The JavaScript code in those applications was quickly growing out of control. We were trying to do proper REST: the client would just start with a single URL, which would resolve to a JSON object that would have links to other JSON objects on the server, which would in turn have links to other JSON objects. Proper REST is nice: you can decouple your client from the server more, because your client code doesn't depend on the specific URL structure of your server -- instead it just follows links.

But doing proper REST with JavaScript without taking special measures tends to result in endlessly nested callbacks in callbacks in callbacks. The code was too tightly coupled and hard to follow.

This made me think about the stuff I did at Gocept again. I felt there was quite a bit of potential in those patterns, potential I hadn't explored fully yet. So I added it to one of our projects and started to rewrite the UI to use it, to try to clean things up.

People

At this stage more people started to be involved. Ideas tend to get better with good input, and with usage by a larger group of people. I will forget some of the people involved in this project, for which I apologize, but I'm going to drop some names now.

The original idea was born at Gocept. I was doing the work for Christian Zagrodnick there, and I had some good conversations with him about it then. He also used the early code in a few of his own projects later on. Just as I had checked in the view stuff into the new project I was doing I found myself in Germany at Gocept again, and had further productive conversations with him about it. Thanks Zagy!

Going to Germany, where Gocept is based, from where I live, the Netherlands, means a train ride, and in the train I had the opportunity to bounce ideas off Jan-Wijbrand Kolman (and him ideas off me), something I always enjoy tremendously. The biggest thing that came out of that was Fanstatic, but that's the topic for another discussion. It also helped me think through what later became Obviel. Thanks JW!

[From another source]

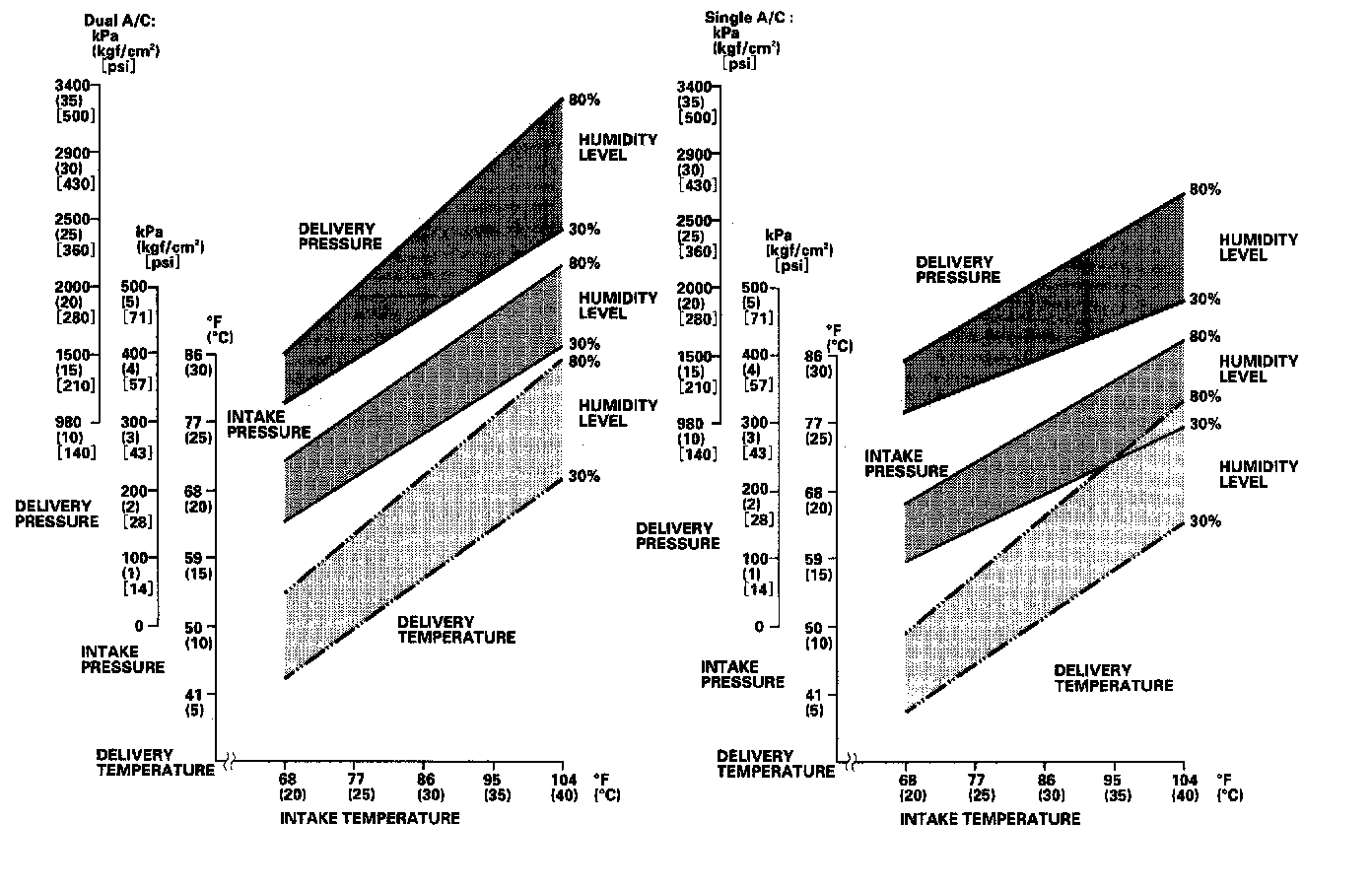 4. After running the air conditioning for 10 minutes under the above test conditions, read the delivery temperature from the thermometer in the dash vent, the intake temperature near the blower unit behind the glove box and the high and low system pressure from the A/C gauges.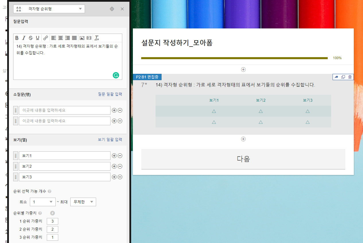 14) 격자형 순위형 : 가로 세로 격자형태의 표에서 보기들의 순위를 수집합니다.

The idea developed around this time was that the JSON returned by the server to JavaScript should have a type marker to describe what kind of JSON we are dealing with then. In Obviel we call this type marker an iface, short for interface. On the client, we could then hook up views to ifaces. This way if the client is confronted with some unknown JSON, it would know what to do with it by looking up the appropriate view for that iface. This helps with REST and therefore with loose coupling: the client code not only doesn't need to know what resources the server is presenting, but also would be able to know what resources are on what URLs; the resources would disclose this themselves. In this, "JavaScript views" (as we were calling it at the time) resemble dynamic view lookup like practiced in the Zope Component Architecture (don't you all run away now, though!).

Practice

New approaches get better when you try to actually use them in practice. You learn a lot. The customer projects I was doing were too big to do on my own, I was working with Izhar Firdaus on them. Izhar gave me a lot of invaluable feedback and improvements and came up with new patterns of using these "JavaScript views" (as we were calling them) throughout the projects that use Obviel; I had great pleasure working with him for over a year.

I think I already rewrote the system halfway back then, and I remember Izhar doing something similar. Eventually after some experience I sat down and started to write a document describing how I wanted this JavaScript views thing to work. So I got Guido Wesdorp involved. This meant Izhar and I were freed up to build more application specific code and gain experience with it.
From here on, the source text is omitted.